# Introduction to data reporting with Python

Guardian Visuals

7 December, 2022

Workbook 👉 [bit.ly/gv-python](https://bit.ly/gv-python)

## Aims

1. Introducing JupyterLab/basic data visualisation using Altair
2. Workflow for private collaborative data reporting
3. Introducing kepler.gl for geospatial visualisation

## 1. Introducing JupyterLab/basic Python data visualisation using Altair

* https://youtu.be/A5YyoCKxEOU
* https://youtu.be/A5YyoCKxEOU?t=281

In [None]:
# I'm a code cell. Type Shift-Enter to execute me!

x = 42

print(x)

In [1]:
# I'm a code cell. Type Shift-Enter to execute me!

x = 42

print(x)

42


### Load example data

In [None]:
from vega_datasets import data

df_cars = data.cars()

print(data.cars.description)

df_cars

In [2]:
from vega_datasets import data

df_cars = data.cars()

print(data.cars.description)

df_cars

Acceleration, horsepower, fuel efficiency, weight, and other characteristics of different makes and models of cars.
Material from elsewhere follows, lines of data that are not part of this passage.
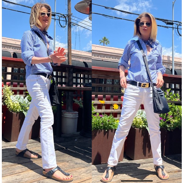 My blue and white stripe shirt, Chaps, and skinny white jeans, Rag and Bone, are styled with pops of black from my accessories. My black sandals, Birkenstock, black belt, vintage Gucci, and crossbody bag, Longchamp, appear somewhat heavier in weight so I’ve placed them around the heaviest garment, my jeans for a nice balance and distribution of weight. I’ve twisted and tied a blue/white bandana scarf, Amazon, around my neck with a combo of chunky and freshwater pearls and a gold link chain, Gorjana, that ties my little hoop earrings and belt buckle together. This easy casual look feels super tight and elevated because I took a few seconds to style it. Zhuzhing my shirt sleeves doing a front tuck and layering my accessories build dimension to make even the most casual look a lot more interesting and complete
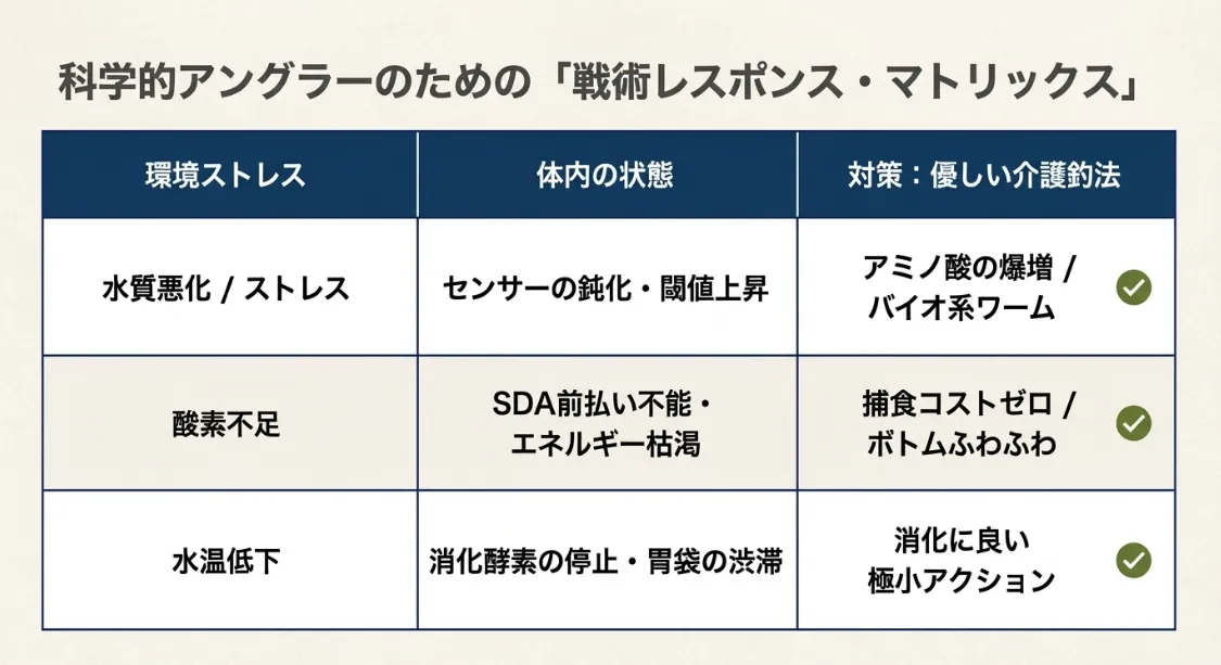 魚のわがままではなく、水温や酸素量によって「食べたくても食べられない」安全装置が働いています。この記事では、その装置を解除して口を使わせる具体的な突破策を伝授しますね。
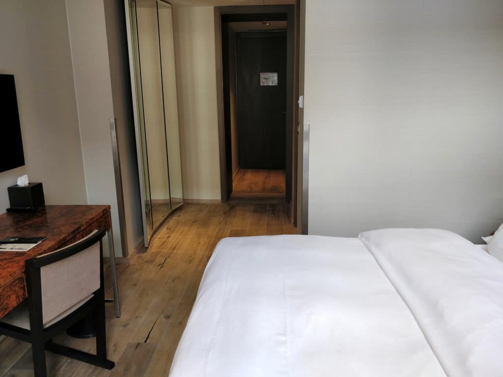 Nach dem Eingangsbereich folgt links das Bad, geradeaus das Zimmer – dieses ist tatsächlich enorm klein und sogar kleiner als in manch einem Hampton oder Holiday Inn. Ich musste tatsächlich ziemlich kämpfen, um eine Perspektive zu finden, bei der man die Größe des Raumes gut darstellen kann – herausgekommen ist dann dieses Foto.

This dataset was originally published by Donoho et al (1982) [1]_, and was made public at http://lib.stat.cmu.edu/datasets/


Unnamed: 0,Name,Miles_per_Gallon,Cylinders,Displacement,Horsepower,Weight_in_lbs,Acceleration,Year,Origin
0,chevrolet chevelle malibu,18.0,8,307.0,130.0,3504,12.0,1970-01-01,USA
1,buick skylark 320,15.0,8,350.0,165.0,3693,11.5,1970-01-01,USA
2,plymouth satellite,18.0,8,318.0,150.0,3436,11.0,1970-01-01,USA
3,amc rebel sst,16.0,8,304.0,150.0,3433,12.0,1970-01-01,USA
4,ford torino,17.0,8,302.0,140.0,3449,10.5,1970-01-01,USA
...,...,...,...,...,...,...,...,...,...
401,ford mustang gl,27.0,4,140.0,86.0,2790,15.6,1982-01-01,USA
402,vw pickup,44.0,4,97.0,52.0,2130,24.6,1982-01-01,Europe
403,dodge rampage,32.0,4,135.0,84.0,2295,11.6,1982-01-01,USA
404,ford ranger,28.0,4,120.0,79.0,2625,18.6,1982-01-01,USA


### An interactive graphic in <strike>three</strike> <strike>six</strike> a few lines of code

In [None]:
import altair as alt

alt.Chart(df_cars).mark_circle().encode(
    x="Horsepower",  # X axis variable!
    y="Miles_per_Gallon",  # Y axis variable!
    color="Origin",  # Colour variable!
    tooltip=["Name", "Origin", "Horsepower", "Miles_per_Gallon"]  # Tooltips!
)

In [None]:
import altair as alt

alt.Chart(df_cars).mark_circle().encode(
    x="Horsepower",  # X axis variable!
    y="Miles_per_Gallon",  # Y axis variable!
    color="Origin",  # Colour variable!
    tooltip=["Name", "Origin", "Horsepower", "Miles_per_Gallon"]  # Tooltips!
)

In [None]:
import altair as alt

alt.Chart(df_cars).mark_circle(size=60).encode(  # Increase size of circles
    x="Horsepower",
    y="Miles_per_Gallon",
    color="Origin",
    tooltip=["Name", "Origin", "Horsepower", "Miles_per_Gallon"]
)

In [None]:
import altair as alt

alt.Chart(df_cars).mark_circle(size=60).encode(
    x="Horsepower",
    y="Miles_per_Gallon",
    color="Origin",
    tooltip=["Name", "Origin", "Horsepower", "Miles_per_Gallon"]
).interactive()  # Enable pan and zoom :o

In [None]:
import altair as alt

alt.Chart(df_cars).mark_circle(size=60).encode(
    x="Horsepower",
    y="Miles_per_Gallon",
    color="Origin",
    tooltip=["Name", "Origin", "Horsepower", "Miles_per_Gallon"],
).interactive().properties(width=600, height=400)  # Adjust dimensions

# 👉 altair-viz.github.io/gallery/index.html

Try recreating one or two of the Altair examples in your workbook. Many of them use vega_datasets for their example data.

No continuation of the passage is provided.